Monday, April 19, 2010

Room for Rent -- Cheap. . .

Sky News:

Revealed: Iraq Terrorists' Deadly New Tactic
Adam Arnold, Sky News Online

Al Qaeda in Iraq is renting residential buildings and rigging them with explosives in a cunning new tactic which has killed dozens of civilians, officials say.

The ploy has defied thousands of security forces in Baghdad by getting around the mass of checkpoints used to deter car bombings.

The new tactic has forced the police and army to change their own operations to counter the terrorists.

America's military has even come up with a new term - HBIED (house-borne improvised explosive device) for the attacks.

The attacks have also left hundreds of people injured in the past month in the Iraqi capital.

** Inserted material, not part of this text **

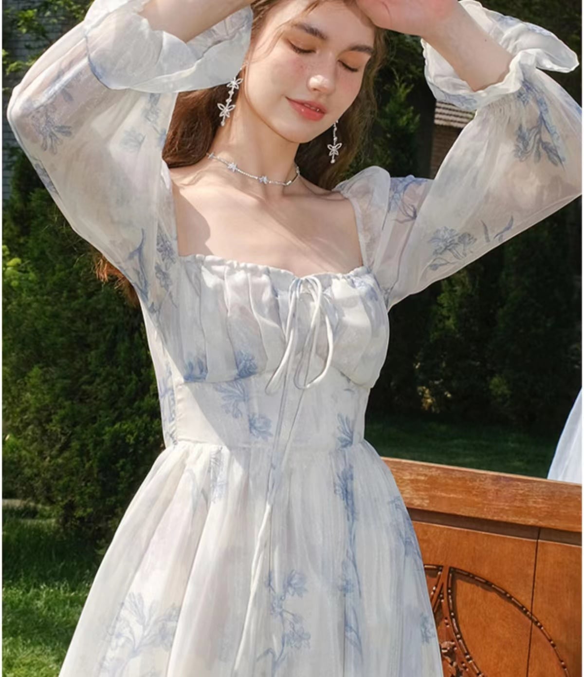 レディース ワンピース ロングスカート ロング 長袖 ベルスリーブ 袖透け感 スクエアネック Aライン ハイウエスト かわいい 大人可愛い きれいめ シンプル カジュアル 上品 おしゃれ ガーリー ふんわり ゆるふわ フェアリー 花柄 フラワー 春 夏 デート お出かけ パーティー イベント バカンス コーデ 楽ちん 清楚 定番 S M L XL ライトブルー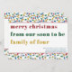 Gravid för färgstark och personlig helgdag. Denna moderna typografi har gräns i julklapp ljus i rött, blått, grönt och gult. Huvudtexten lyder "god jul från vår snart fyra" och du kan redigera "fyra" till det spelar ingen roll nummer du behöver. Du kan också lägga till förfallodatum för baby, anpassningsbar hälsning och namn. Modern, minimalistisk och glad.

The HBIED phrase follows the IED (improvised-explosive device - homemade bomb) and VBIED (vehicle-borne improvised-explosive device - car bomb) into a terrorism vocabulary started in Iraq and then taken to Afghanistan.

Some 25 people were killed on election day, March 7, when explosives destroyed two buildings in north-east Baghdad.

The US military, which pointed the finger at al Qaeda, said the properties had been rented and deliberately blown up.

Another 35 people died on April 6, when explosives were planted in houses and shops in mostly Shi'ite neighbourhoods.

A number of those properties had been rented days earlier, security officials said.

Major General Qassim Atta, a Baghdad security forces spokesman, said: "Our forces are focusing on the renting of apartments and buildings."

Insurgents were continually looking to exploit gaps in the city's defences, he said.

"They change their methods periodically because most of their plans and tactics have been discovered. I believe they are already searching for another method of attack, maybe churches or bridges."

Counter-terrorism expert Brian Fishman said of the HBIED operations: "The tactic is seen as very disreputable, even among active insurgents."

But he added it allows them "to get around a lot of the tactics developed to prevent car bombs," such as the mass of security checkpoints in Baghdad.